The significant variables and interactions affecting the type of air core were studied. The effect of the independent variables on the dependent variable the type of air core was studied.

Test series 2

Provisions were made in the circuit for introducing particles into the cyclone. Instead of considering the VF depth, a dimensionless variable Hi/Ho was defined as the ratio of the height of the inlet to the VF depth. This along with the other variables, i.e. types of inlet, cyclone design were used in the study. The variables were varied to get the desired type of air core, i.e. before forming, forming, good and collapsed and the particle separation studies were carried out. For this, the same set-up as explained above was used. At a particular Hi/Ho, type of inlet and cyclone design, the flow was allowed to stabilise.
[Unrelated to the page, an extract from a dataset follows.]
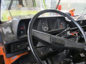Een foto van het oude stuur van deze oldtimer. Ook is op de achtergrond het oude dashboard nog gedeeltelijk te zien.

Density tracers of different specific gravity say 0·93(54 in number), 1·3(18 in number), 1·6 (18 in number) and 2 (18 in number) were introduced. Care was taken to have equal number of particles above and below the specific gravity of water. The particles coming out from the overflow and the spigot were collected and counted. This procedure was repeated at different levels of the variables and the results were again statistically analysed as explained above to determine the important variables affecting the separation of particles. The levels and the variables studied are given in Table 2.

Table 2

Variables and levels used for experimentation in test series 2

Type of variable	Variables	Level 1	Level 2	Level 3
Independent	Hi/Ho*	0·1–0·3	0·31–0·55	0·56–0·9
Independent	Inlet type	Tangential	Off-tangential	Involute
Independent	Cyclone design	Flat bottom	Conical	…
Independent	Type of air core	Before forming	Forming	Good
Dependent	% recovery in overflow	<25	25–50	>50

^*Hi/Ho, a dimensionless variable defined as the ratio of the height of the inlet from the roof of the cyclone to the VF depth.

Test series 3

At a particular Hi/Ho, inlet type and cyclone design, the desired air core was obtained, in this case, forming/good or suppressed air core. The air core was suppressed using the procedure mentioned in the section on ‘Experimentation’. Under the conditions, the particle separation studies were again carried out. This procedure was repeated at different levels of design and operating variables (Table 3).

Table 3

Variables and levels used for experimentation in test series 3

Type of variable	Variables	Level 1	Level 2	Level 3
Independent	Type of cyclone	Flat bottom	Cylindro-conical	–
Independent	Inlet type	Tangential	Off-tangential	Involute
Independent	Type of air core	Forming	Good	Suppressed
Independent	Hi/Ho	0–0·25	0·25–0·5	0·5–0·75
Dependent	% recovery	<25	25–50	>50

Numerical model

Introduction to FLUENT

FLUENT is a commercially available computational fluid dynamic (CFD) code developed by FLUENT, which utilises the finite volume formulation to carry out coupled or segregated calculations (with reference to the conservation of mass, momentum and energy equations). It is ideally suited for incompressible to mildly compressible flows.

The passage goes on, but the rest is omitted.